Menurut Bhima, biaya investasi dan pengelolaan sampah yang tidak efisien membuat PLTSa sulit menjadi solusi energi berkelanjutan. Dari sisi hulu, tidak semua jenis sampah dapat diolah menjadi energi. Sementara itu, di sisi hilir, pemilahan sampah justru menambah beban biaya operasional.
Bhima menilai, jika tujuan pemerintah adalah meningkatkan porsi energi terbarukan, maka seharusnya PLN memprioritaskan energi bersih lain seperti panel surya dan pembangkit tenaga air (hidro) yang lebih efisien dan ramah lingkungan.
“Panel surya yang dilengkapi battery energy storage bisa menjadi base load. Sementara PLTSa masih menggunakan pembakaran, sehingga tidak sepenuhnya bisa dikategorikan sebagai energi terbarukan,” jelas Bhima.
Menurutnya, teknologi PLTSa di Indonesia saat ini masih bergantung pada proses pembakaran (incineration), yang justru menghasilkan emisi karbon cukup besar.
“Sejumlah studi menunjukkan pembakaran tersebut dapat melepaskan emisi karbon rata-rata 0,54 kilogram CO₂ per kWh,” ungkapnya.
Selain masalah emisi, Bhima juga menyoroti skema pembelian listrik (feed-in tariff) dari PLTSa oleh PLN yang dinilai memberatkan secara finansial. Tarif listrik PLTSa yang lebih mahal dari sumber energi lain membuat subsidi listrik berpotensi terus meningkat.
“Skema feed-in tariff akhirnya menjadi beban bagi PLN karena subsidi listriknya terus ditambah,” kata Bhima.
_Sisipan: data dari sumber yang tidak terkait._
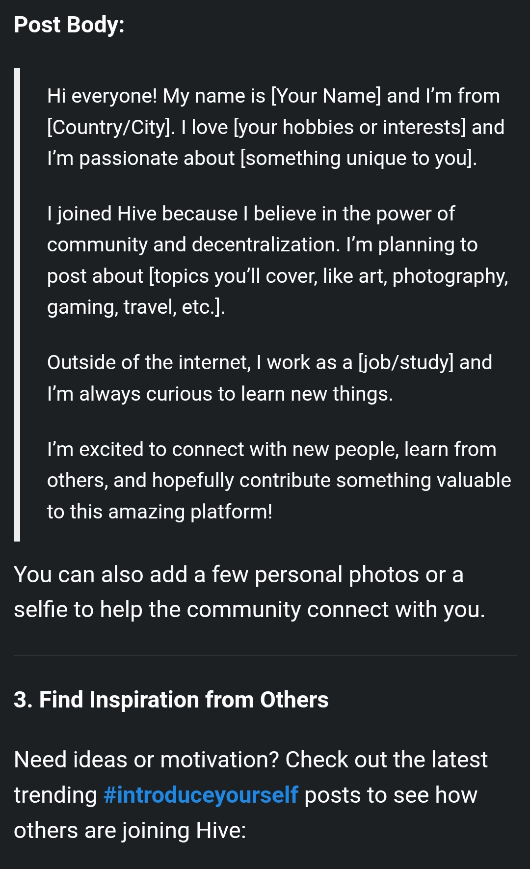 Get inspired to reveal a bit about yourself, make a post and publish it in the @ocd community. It's a community that welcomes and integrates new accounts. There you'll find dedicated onboarders who can help you grow, such as @livinguktaiwan and many others.
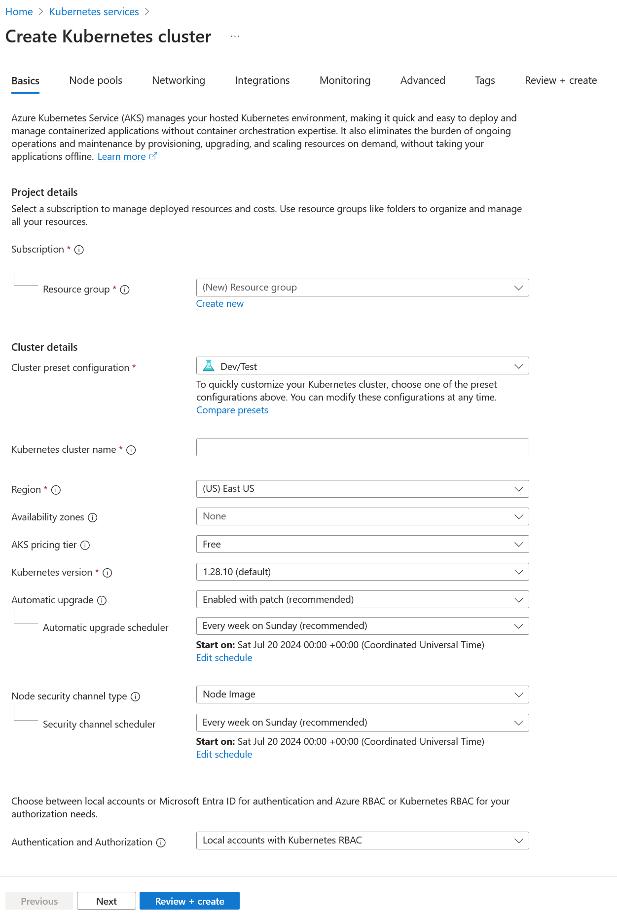 In the Basics page, choose the Subscription, Resource Group and input the Kubernetes cluster name. Adjust the other configuration settings as desired, or leave as default.
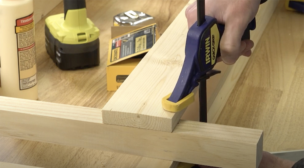 After cutting the parts for a pair of legs, we glued and clamped the 1 x 4 crossmember 4” from the bottom and flush at the outer edge of both legs. We then used a square to make sure the parts were aligned, and we doublechecked the measurement at the top of the legs for proper spacing. We then drilled the pieces and installed 1-5/8” deck screws.
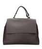 Orciani Sveva Soft Grande bag in grained leather, model to be worn by hand or with the buckle-adjustable and removable shoulder strap, with handle on the top edge, retractable slot to access the inside of the bag without opening the flap, zippered inside pocket, inside pockets, one of which is zippered. Flap and magnet closure, lettering logo in palladium finish.
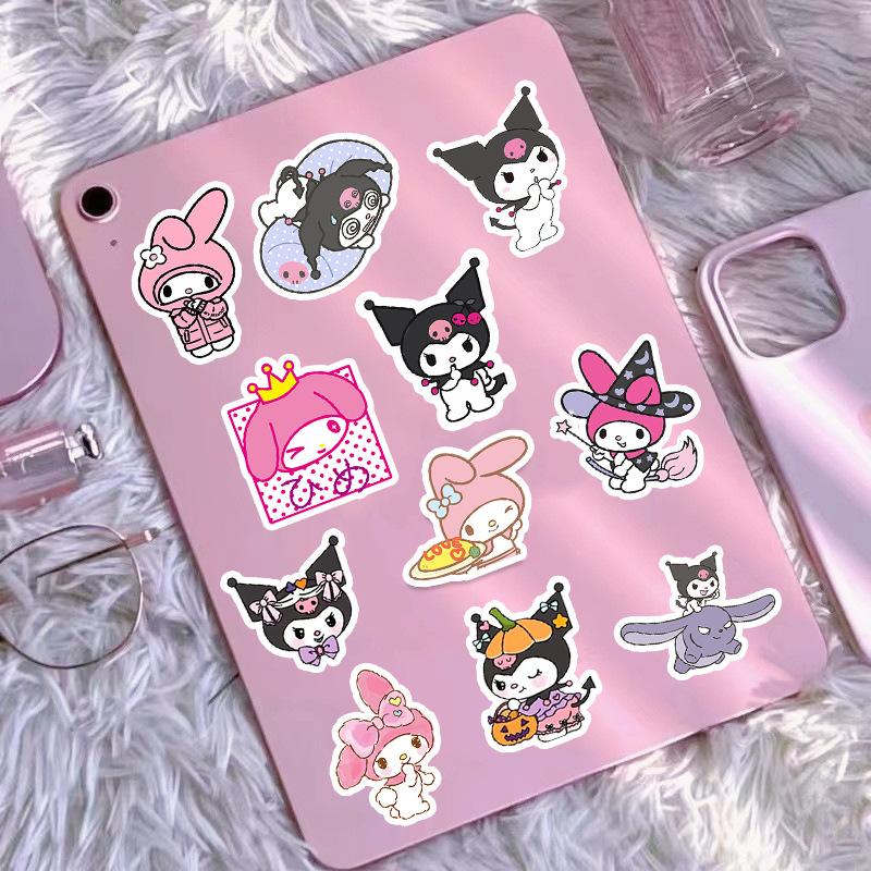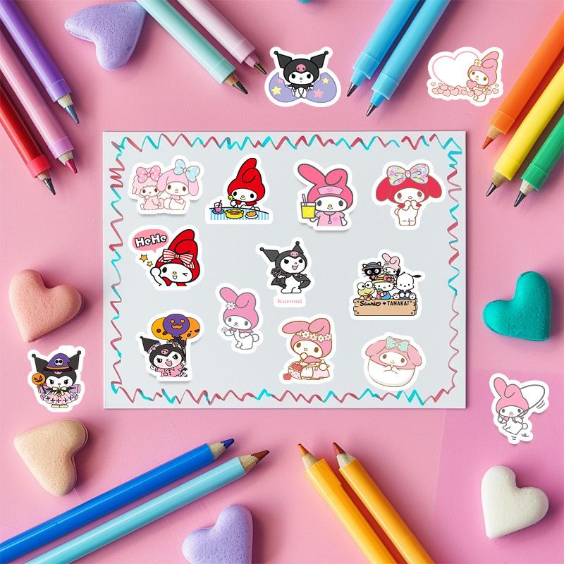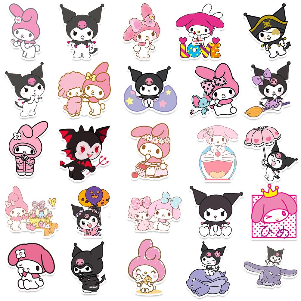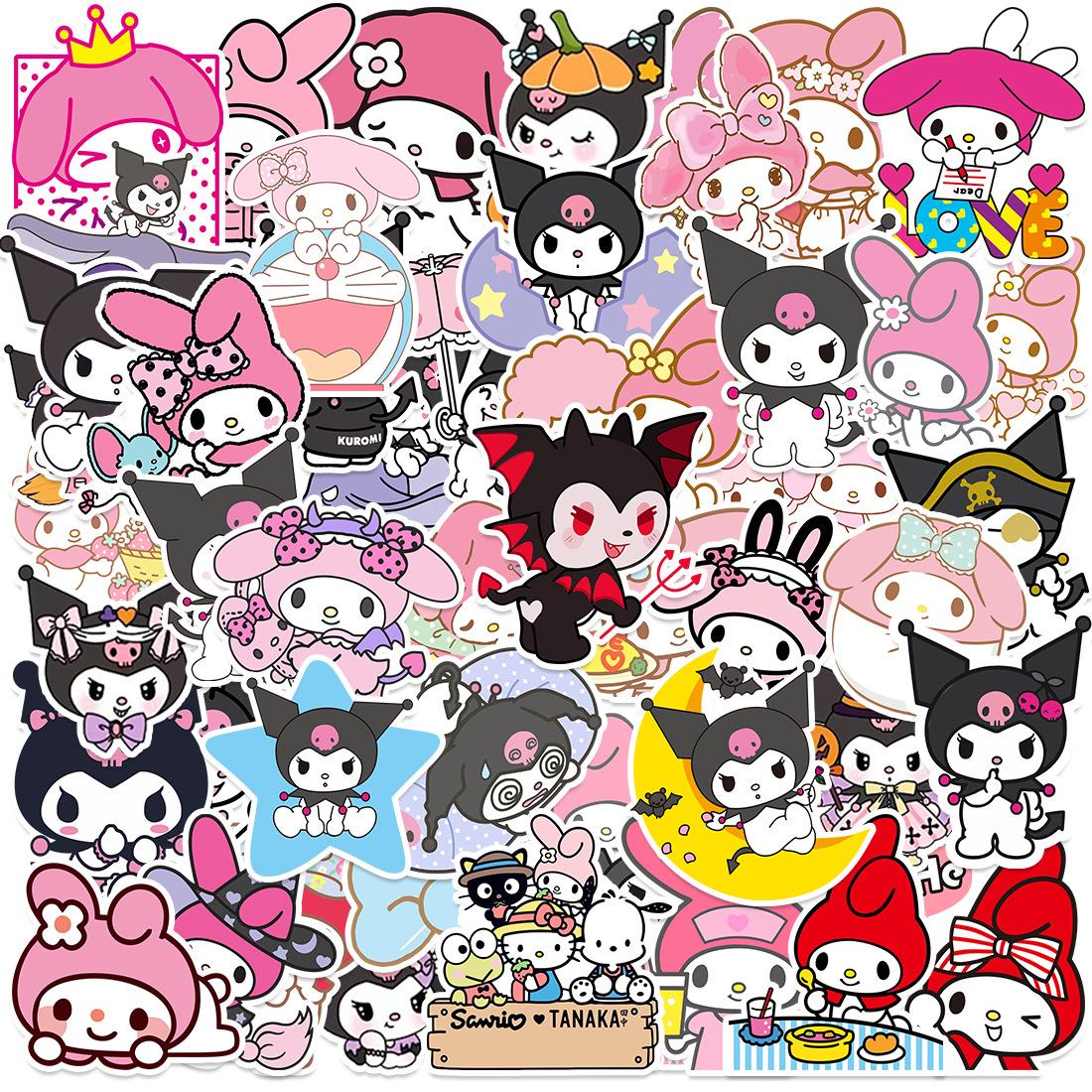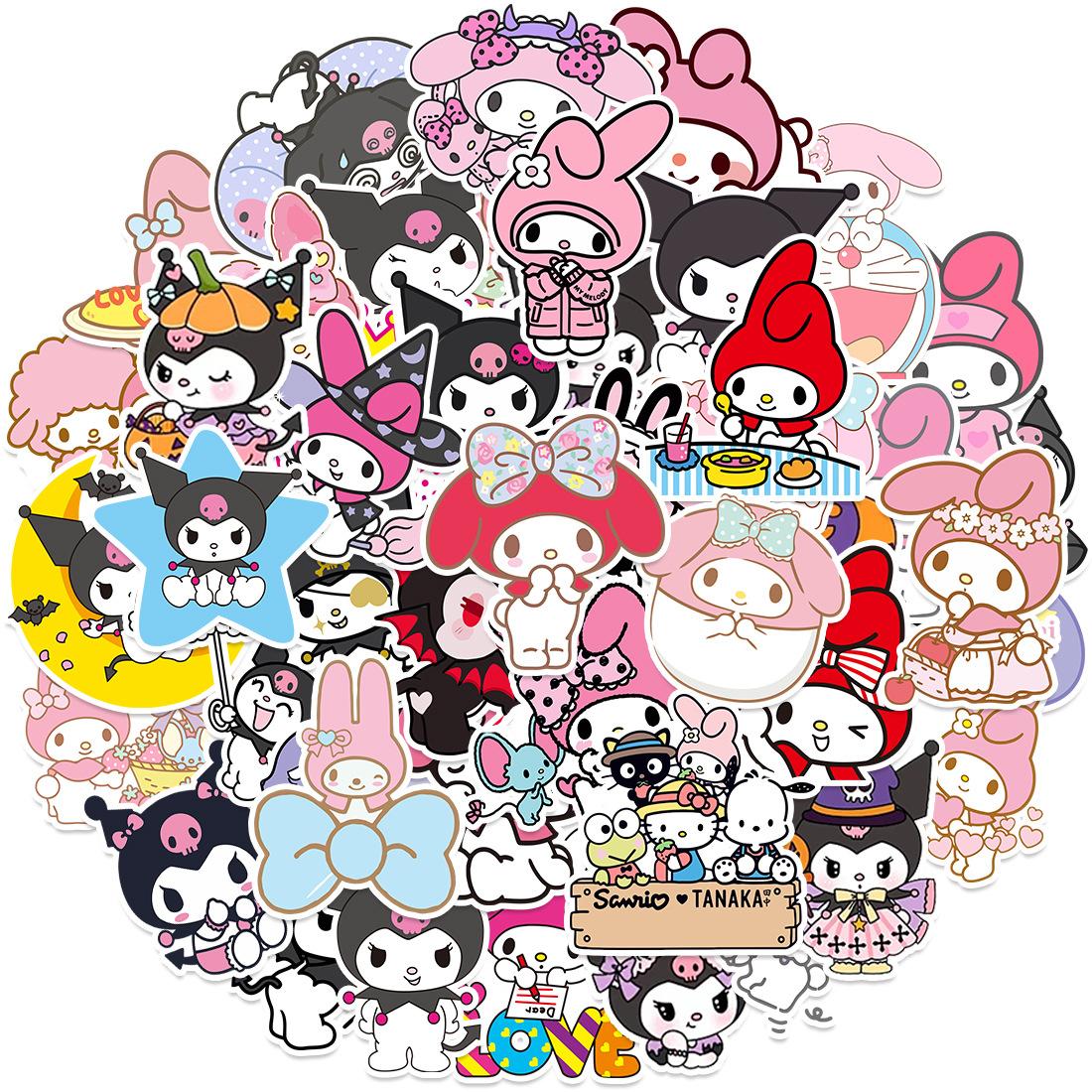 50 pegatinas de Sanrio con melodía, lindas pegatinas de Goo Plate para hacer tú mismo, pegatinas de Goo Card para tarjetas de cuenta de mano, pegatinas impermeables repetidas
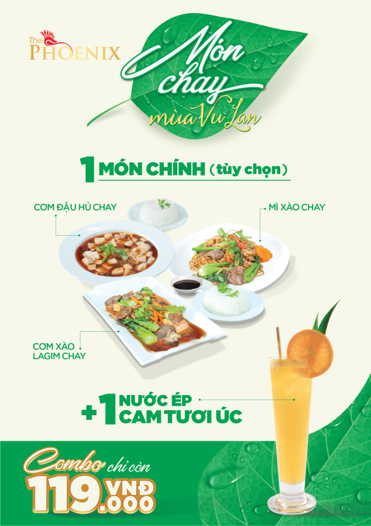 1.Tại nhà hàng The Phoenix: Combo 1 món chay và 1 ly nước ép cam tươi Úc với giá chỉ 119.000 đồng. Món chay bao gồm:
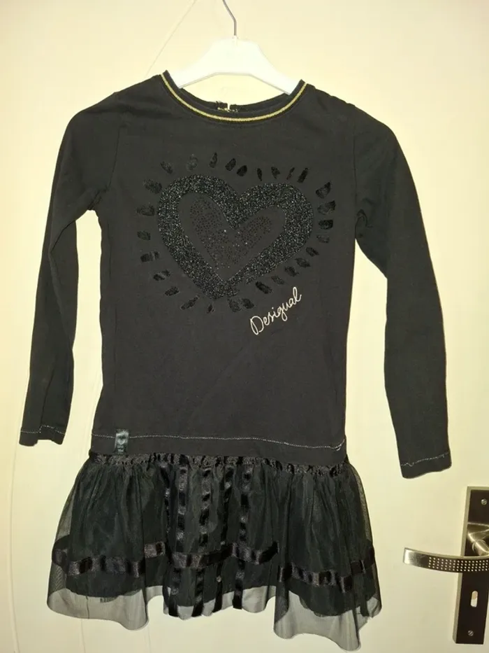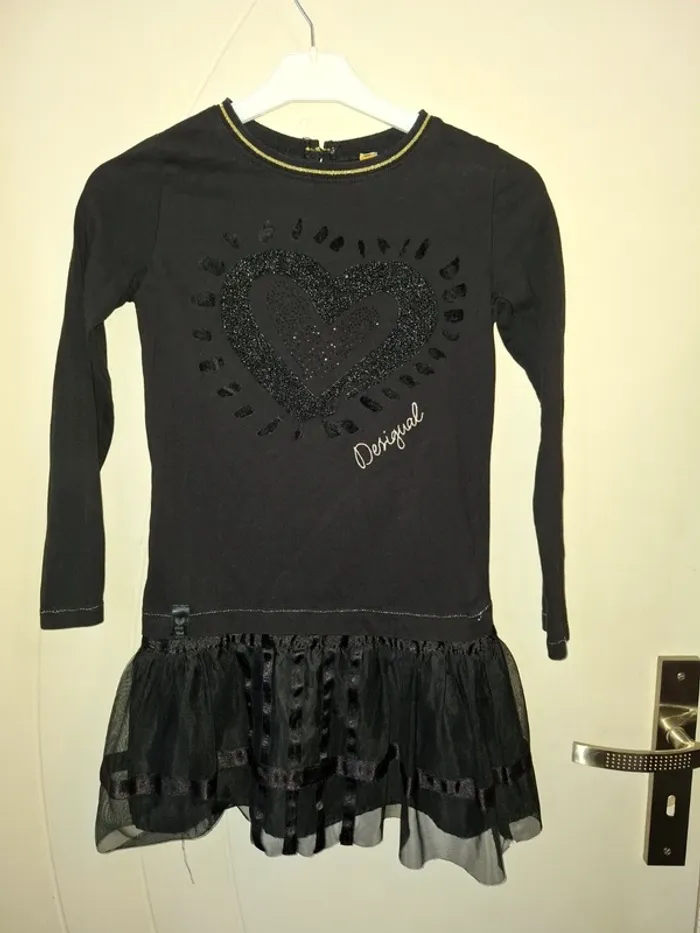 Robe Desigual noire comme neuve portée 1 ou 2 fois Motif coeur bas en tulle Taille 7/8 ans Marque Desigual #8anssevy57 #7anssevy57
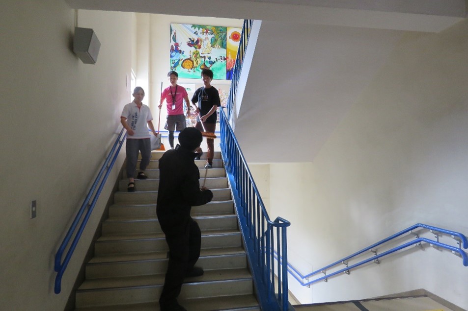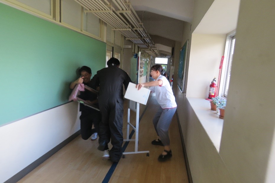 犯人役の先生も止める先生も真剣です。今回は、玄関前で対応した教員は手元に刺股がない想定で、身の回りにあるもの(掲示板)で校舎内に侵入できないように必死に止めてくださいました。各階には、刺股を持った先生方がこれ以上、侵入できないように構え、犯人役の先生を止めてくださいました。教室の子どもたちは、廊下側の入り口の鍵をかけ、入れないように机や椅子でバリケードを作り、教室の1か所に集まり静かに隠れます。先生方はほうきなどを持ち、待機してくださっていました。
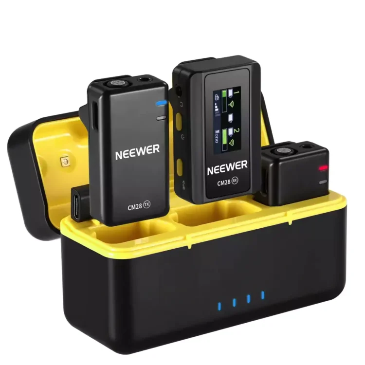 %3.2در دنیای امروز که تولید محتوا دیگر محدود به استودیوهای حرفهای نیست و بسیاری از افراد با گوشی هوشمند یا دوربین DSLR خود به ضبط ویدیو، پادکست یا اجرای لایو میپردازند، کیفیت صدا یکی از مهمترین عوامل موفقیت است. میکروفون نیور NEEWER CM28 بهعنوان یک سیستم یقهای وایرلس، پاسخی دقیق و حرفهای به نیاز کسانی است که میخواهند در هر شرایطی صدایی شفاف، بدون نویز و بدون مزاحمت سیمهای اضافی داشته باشند. این میکروفون نهتنها برای کاربران حرفهای، بلکه برای هر کسی که تولید محتوای باکیفیت را جدی میگیرد، یک گزینه فوقالعاده محسوب میشود.
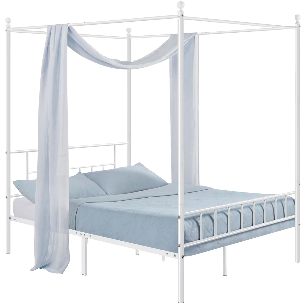 Yaheetech Metal Canopy Bed Frame, Four-poster Canopied Platform Bed with Headboard and Footboard, Full, White
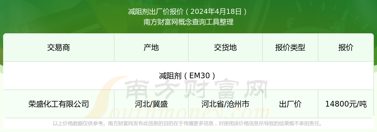 2024年4月18日,減阻劑(EM30)出廠價(jià)價(jià)格為14800.00元/噸,報(bào)價(jià)人:榮盛化工有限公司,交易地點(diǎn)為河北省/滄州市。
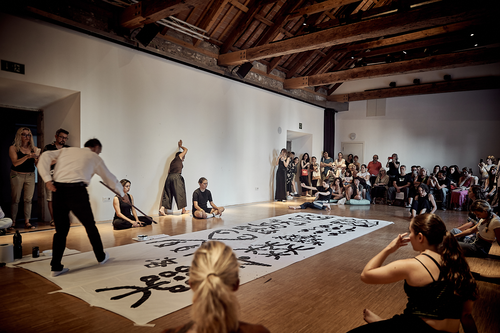 Partint del condicionant de l’expressió gràfica i pictòrica a partir de la cal·ligrafia de l’artista Qi luo de l’Acadèmia de les Belles Arts de la Xina, qui a través del moviment pintarà des de la seva ànima icones, motius, llegendes i poemaris diversos que seran al seu torn interpretats pels ballarins de l’Escola Municipal de Dansa de Castelldefels, els quals, des de la seva experiència, es responsabilitzaran que el públic participi, motivant una harmonia holística entre el cos i l’ànima.

Sementara itu, pemerintah melalui Badan Pengelola Investasi Daya Anagata Nusantara (BPI Danantara) akan menggelar tender proyek PLTSa di tujuh kota pada 6 November 2025. Proyek ini disebut sebagai bagian dari upaya percepatan pengelolaan sampah nasional sekaligus mendukung target kota bersih bebas sampah.
Sebelumnya, Menteri Koordinator Bidang Perekonomian Airlangga Hartarto juga menyebut bahwa pemerintah menargetkan 33 proyek PLTSa akan dibiayai melalui Patriot Bond, sebuah instrumen pembiayaan hijau untuk infrastruktur lingkungan.
Namun, Celios menilai langkah tersebut perlu dikaji ulang agar tidak membebani keuangan PLN dan tetap sejalan dengan komitmen transisi energi hijau.
Bhima menegaskan, upaya mengurangi ketergantungan pada energi fosil harus dilakukan secara berkelanjutan dan berbasis pada efisiensi.
“Kalau memang ingin memperluas bauran energi hijau, maka fokus sebaiknya ke sumber energi yang benar-benar terbarukan, bukan sekadar pengelolaan sampah,” tutup Bhima.